U.S. <- Emissions %>% filter(Country == 'United States of America')
The CDP questionnaire actually only stores the city and country information and not the state level information. Therefore, we will have to join the datasets based on the city name.
It is hence important for the column headers and values to be the same.
JSON <- JSON %>% rename(
'Organization' = 'cz_name'
)
In the CDP dataset (U.S.), the name of the city is preceded by ‘City Of’ (for instance, City of Baltimore). However, the storms data set only lists the city name. Therefore, we will change the values in the CDP data set to only include the city name.
pattern <- "City of\\s"
U.S.$Organization <- str_remove(U.S.$Organization,pattern)
Some of the values in the City name (or Organization) column in the CDP dataset also contain the state name which is preceded by the city name and a comma. Since we do not need the state names for our comparison, we will remove them.
pattern <- ",\\s\\w*"
U.S.$Organization <- str_remove(U.S.$Organization,pattern)

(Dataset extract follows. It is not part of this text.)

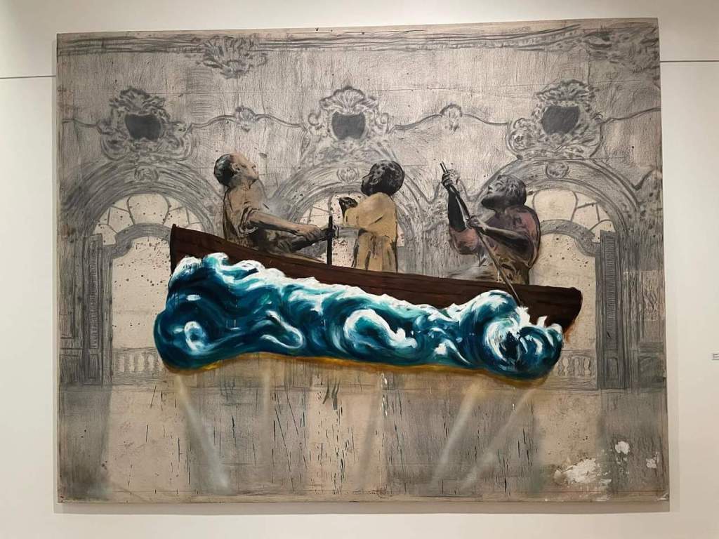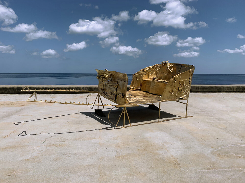 En 2019, tuve la suerte y la oportunidad de participar en el proceso de presentación de la obra «El Trineo» de Enrique Martínez Celaya, exhibida durante la XIII Bienal de La Habana. Esta fue una obra que encapsulaba las dualidades de arraigo y desarraigo, memoria y olvido, permanencia e impermanencia. Esta pieza, un trineo dorado y ornamentado, presentado en el contexto del Caribe, se convertía en una metáfora de la experiencia del exilio y del regreso, temas que hoy se alinean con las preocupaciones existenciales presentes en la exposición «Los muertos llaman al alba».

U.S.$Organization <-toupper(U.S.$Organization)
Now that our CDP dataset seems more aligned with the storms data set, we will summarize the values to get total emissions and number of storms by city before joining the two datasets.
Emissions_by_city <- U.S. %>%
group_by(Organization) %>%
summarize(total_emissions=sum(`Response Answer`, na.rm=TRUE))
## `summarise()` ungrouping output (override with `.groups` argument)
datatable(Emissions_by_city, caption = 'Emissions by City')
JSON4 <- JSON %>%
group_by(Organization) %>%
summarize(Storms=n())
datatable(JSON4, caption = "Storms by City")
df<- merge(JSON4,Emissions_by_city,by='Organization')
datatable(df)
Unfortunately, it seems like there is a lack of data to draw a correlation between the two.
Some of the major findings of the analysis that would be interesting to further investigate are:
While I did attempt to explore the linkage between GHG emissions and Climate Hazards, the lack of sufficient data in the CDP questionnaire made it difficult to do so.In this regard, it is also important to note that the consequences of GHG emissions can often be transnational, and thus location may not be the best parameter for measuring linkages between the two.
As of now, the biggest recommendation to CDP would be to require the participants to report their GHG emissions (instead of leaving this as an optional question). Moreover, if countries are unable to report their numbers, they should provide a reason as to why they are unable to do so.